=== Given records ===

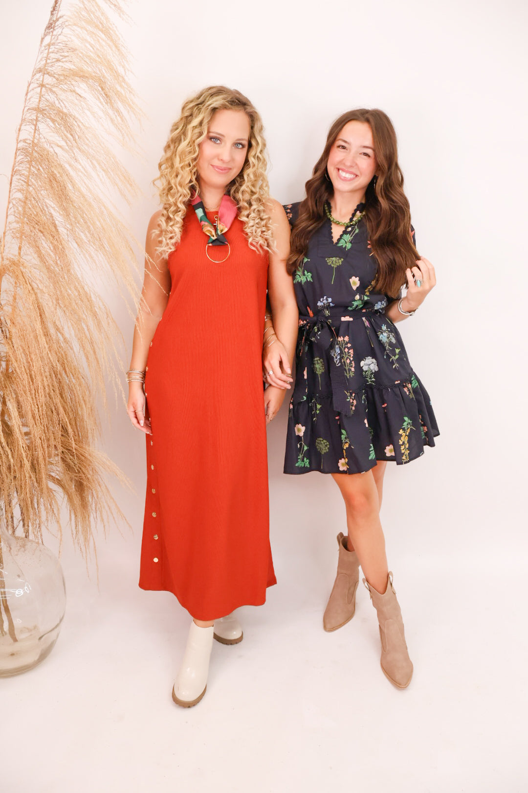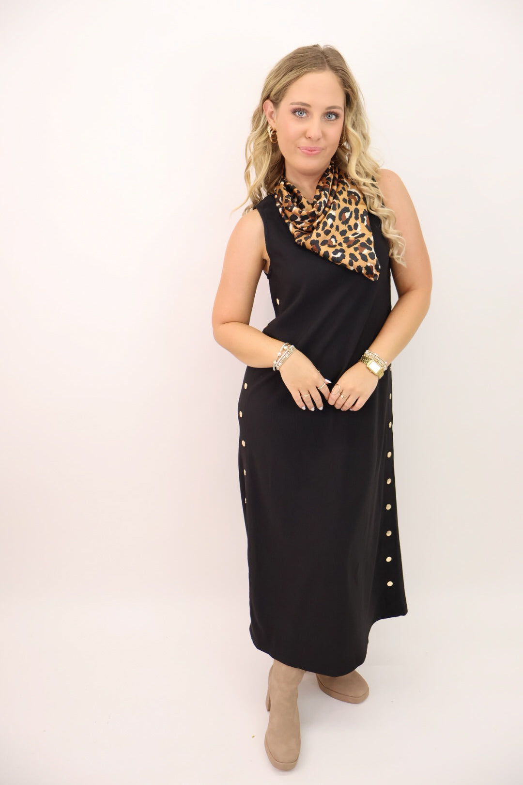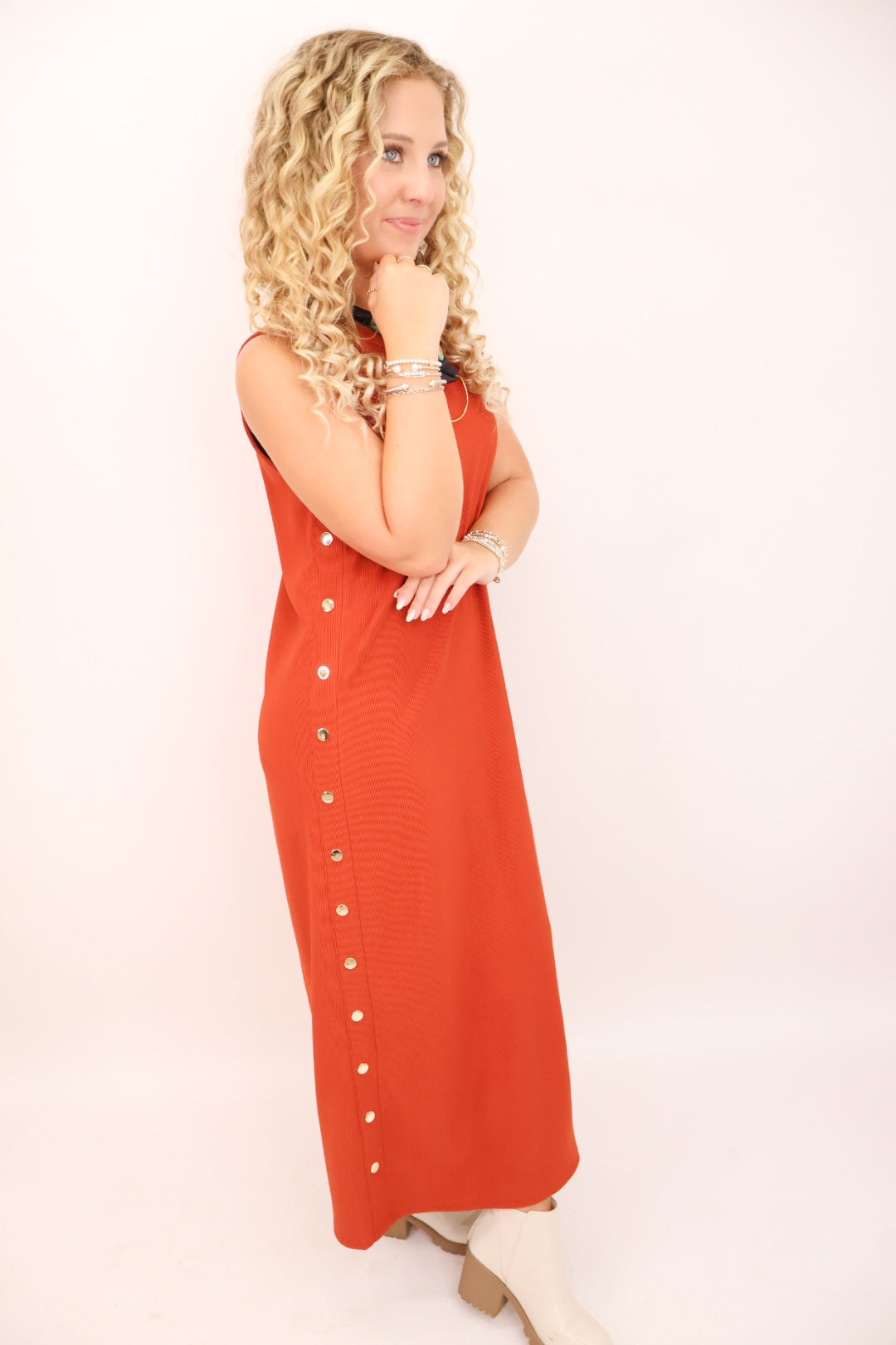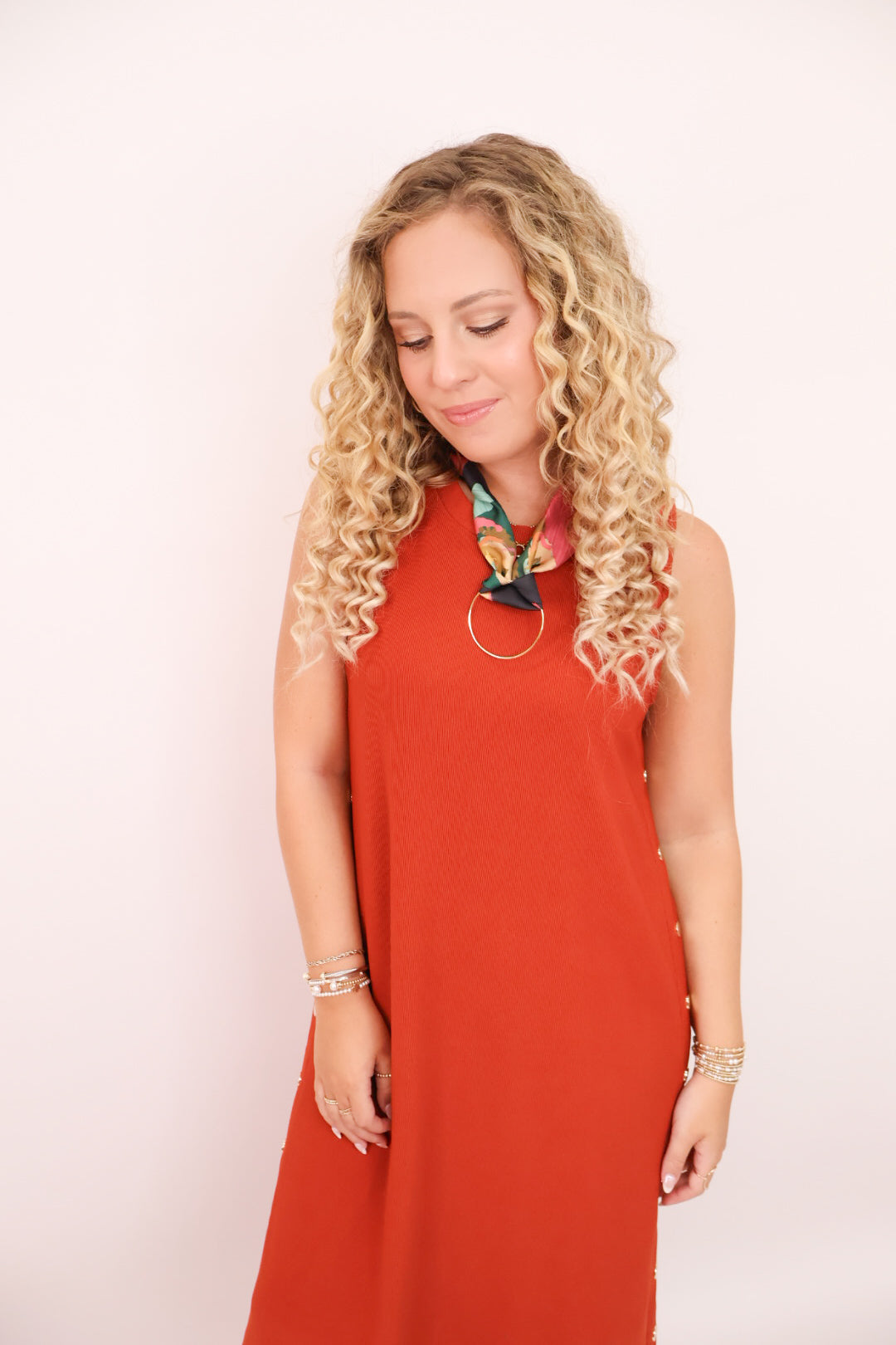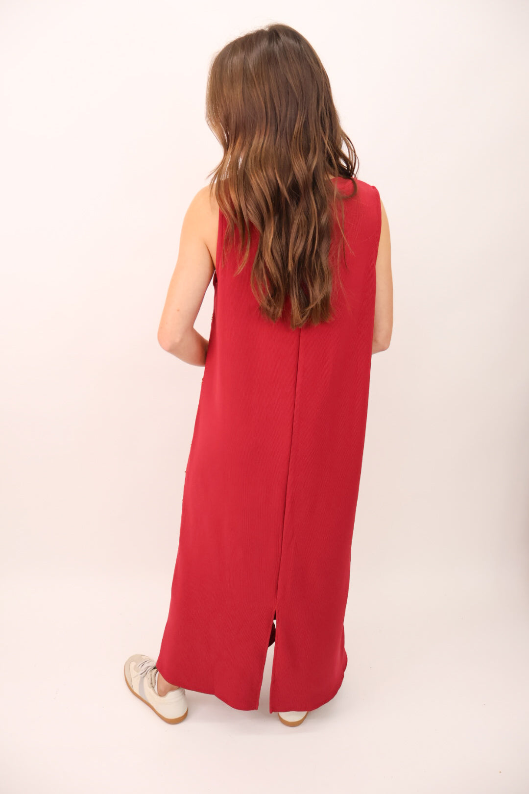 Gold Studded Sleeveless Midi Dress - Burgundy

===
=== Given records ===

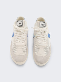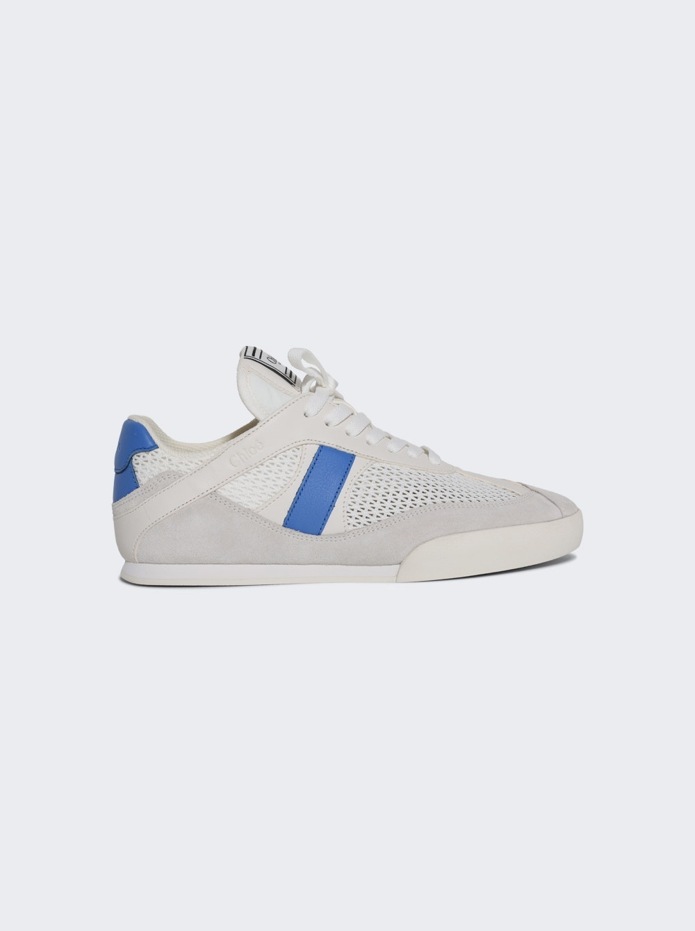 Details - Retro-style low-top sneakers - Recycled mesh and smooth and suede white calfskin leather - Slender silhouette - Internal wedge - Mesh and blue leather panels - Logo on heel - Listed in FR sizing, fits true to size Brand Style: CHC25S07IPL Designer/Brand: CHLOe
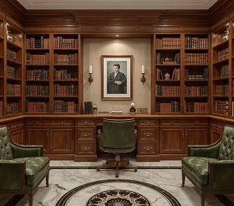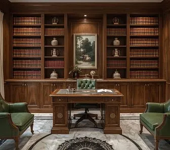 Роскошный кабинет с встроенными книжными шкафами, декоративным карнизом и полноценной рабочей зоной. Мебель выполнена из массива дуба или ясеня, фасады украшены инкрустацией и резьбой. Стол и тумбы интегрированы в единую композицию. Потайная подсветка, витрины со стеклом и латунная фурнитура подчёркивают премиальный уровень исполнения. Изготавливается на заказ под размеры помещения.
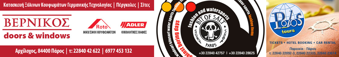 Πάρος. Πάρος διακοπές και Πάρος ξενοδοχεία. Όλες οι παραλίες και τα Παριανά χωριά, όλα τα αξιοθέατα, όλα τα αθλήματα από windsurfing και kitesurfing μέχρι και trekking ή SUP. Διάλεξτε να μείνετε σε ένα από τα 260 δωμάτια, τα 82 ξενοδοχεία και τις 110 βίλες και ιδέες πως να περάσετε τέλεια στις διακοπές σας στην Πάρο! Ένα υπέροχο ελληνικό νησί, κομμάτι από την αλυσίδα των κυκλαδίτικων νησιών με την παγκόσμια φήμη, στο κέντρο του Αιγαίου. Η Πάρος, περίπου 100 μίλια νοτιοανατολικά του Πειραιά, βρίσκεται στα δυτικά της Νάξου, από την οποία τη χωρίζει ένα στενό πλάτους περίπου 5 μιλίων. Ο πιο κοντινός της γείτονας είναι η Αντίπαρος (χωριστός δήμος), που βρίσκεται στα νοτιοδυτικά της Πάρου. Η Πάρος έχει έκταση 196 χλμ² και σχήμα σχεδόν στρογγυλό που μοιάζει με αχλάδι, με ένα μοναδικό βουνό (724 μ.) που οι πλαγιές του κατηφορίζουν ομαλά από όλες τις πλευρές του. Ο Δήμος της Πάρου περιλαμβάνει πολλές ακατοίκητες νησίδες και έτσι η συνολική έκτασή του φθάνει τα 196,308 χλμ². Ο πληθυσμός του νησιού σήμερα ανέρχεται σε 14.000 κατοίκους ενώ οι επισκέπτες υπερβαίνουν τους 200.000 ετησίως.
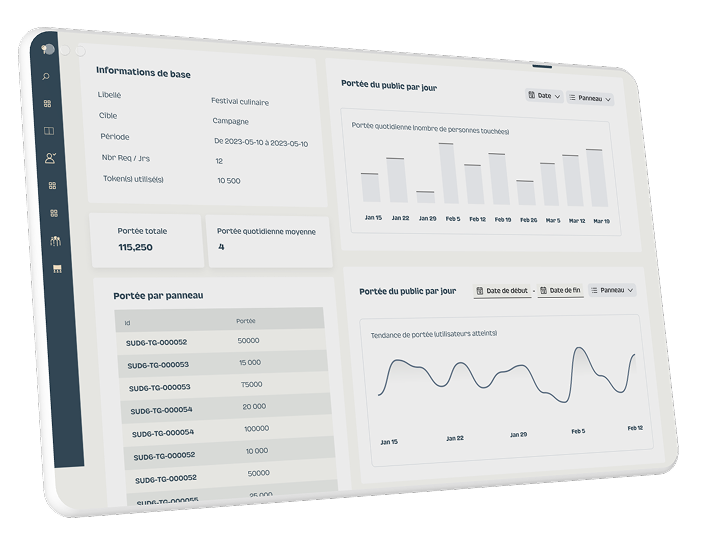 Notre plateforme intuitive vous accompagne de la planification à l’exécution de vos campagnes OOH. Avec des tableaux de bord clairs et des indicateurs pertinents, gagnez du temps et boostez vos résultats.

===
=== Given records ===

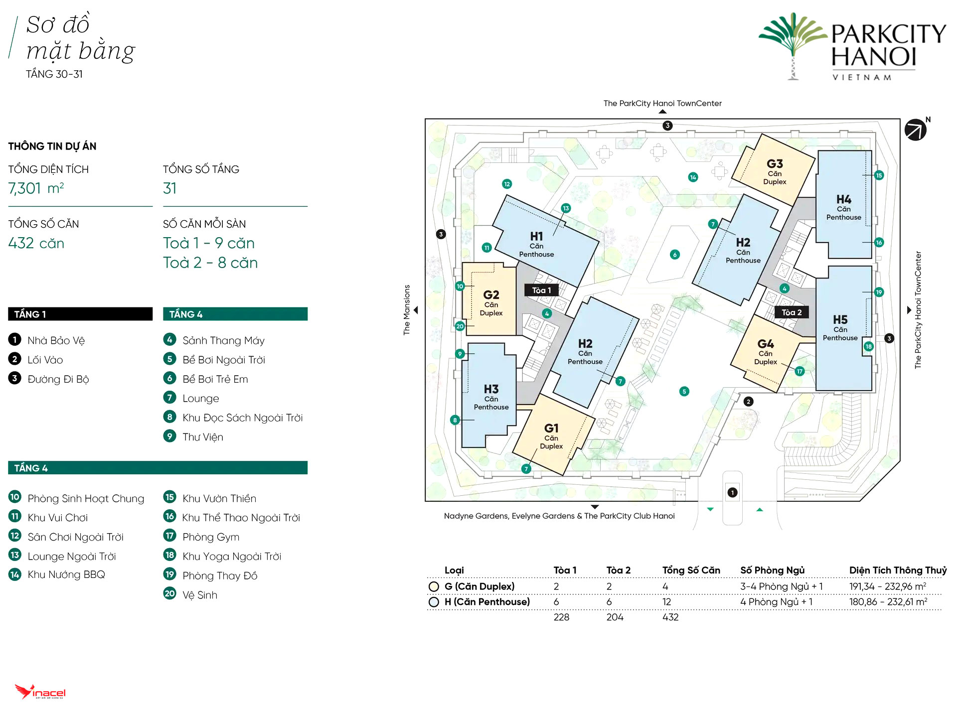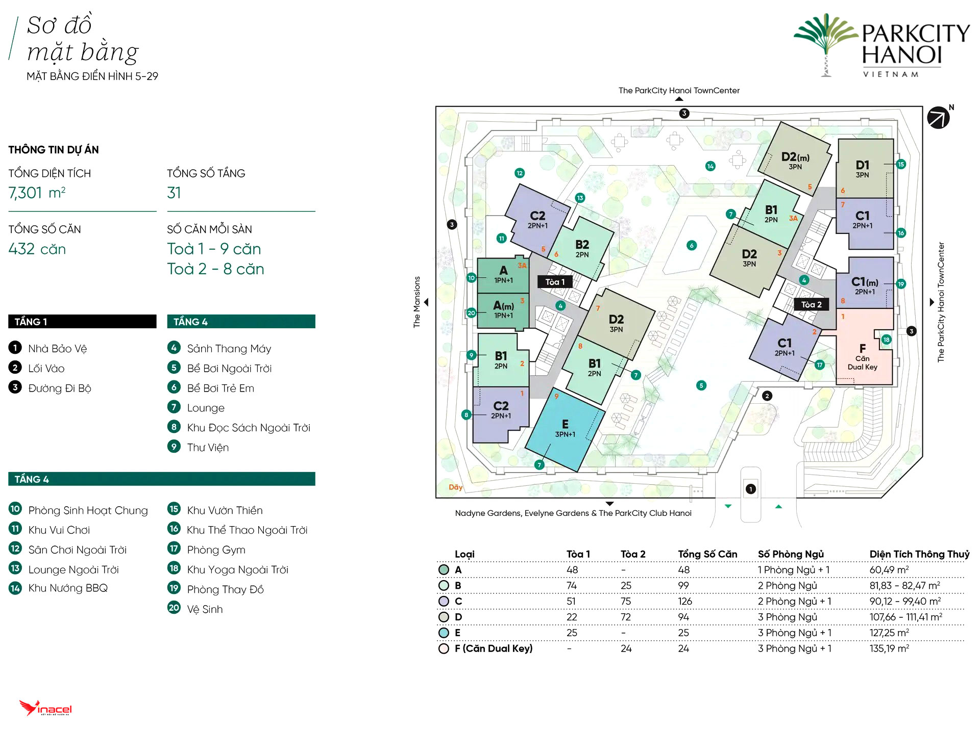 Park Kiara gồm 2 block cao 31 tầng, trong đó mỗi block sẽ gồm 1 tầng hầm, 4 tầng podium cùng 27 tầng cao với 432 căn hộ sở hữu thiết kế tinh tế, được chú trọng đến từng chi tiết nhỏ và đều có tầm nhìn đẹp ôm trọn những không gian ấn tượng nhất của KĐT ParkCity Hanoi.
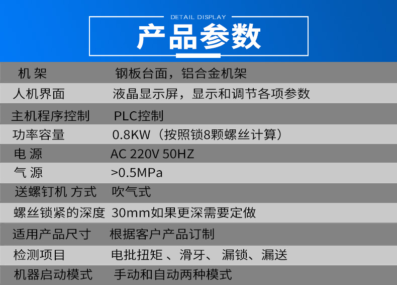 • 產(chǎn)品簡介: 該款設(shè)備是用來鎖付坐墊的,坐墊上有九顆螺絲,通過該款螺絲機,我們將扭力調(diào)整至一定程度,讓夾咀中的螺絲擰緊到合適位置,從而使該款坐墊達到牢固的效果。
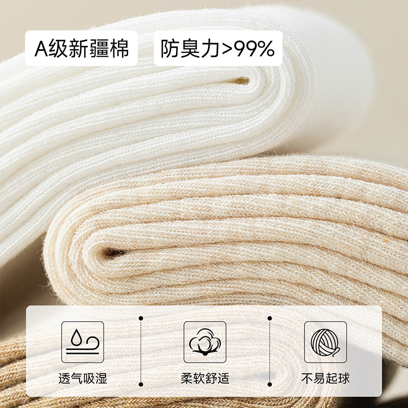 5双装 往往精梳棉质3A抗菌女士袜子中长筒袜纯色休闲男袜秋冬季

===

# Exercise prompt
Only the lines of the listing above from the one with "Details - Retro-style" through the one with "Роскошный кабинет с" should be output, exactly, with both ends kept and pictures left out.

# Answer space
 Details - Retro-style low-top sneakers - Recycled mesh and smooth and suede white calfskin leather - Slender silhouette - Internal wedge - Mesh and blue leather panels - Logo on heel - Listed in FR sizing, fits true to size Brand Style: CHC25S07IPL Designer/Brand: CHLOe
 Роскошный кабинет с встроенными книжными шкафами, декоративным карнизом и полноценной рабочей зоной. Мебель выполнена из массива дуба или ясеня, фасады украшены инкрустацией и резьбой. Стол и тумбы интегрированы в единую композицию. Потайная подсветка, витрины со стеклом и латунная фурнитура подчёркивают премиальный уровень исполнения. Изготавливается на заказ под размеры помещения.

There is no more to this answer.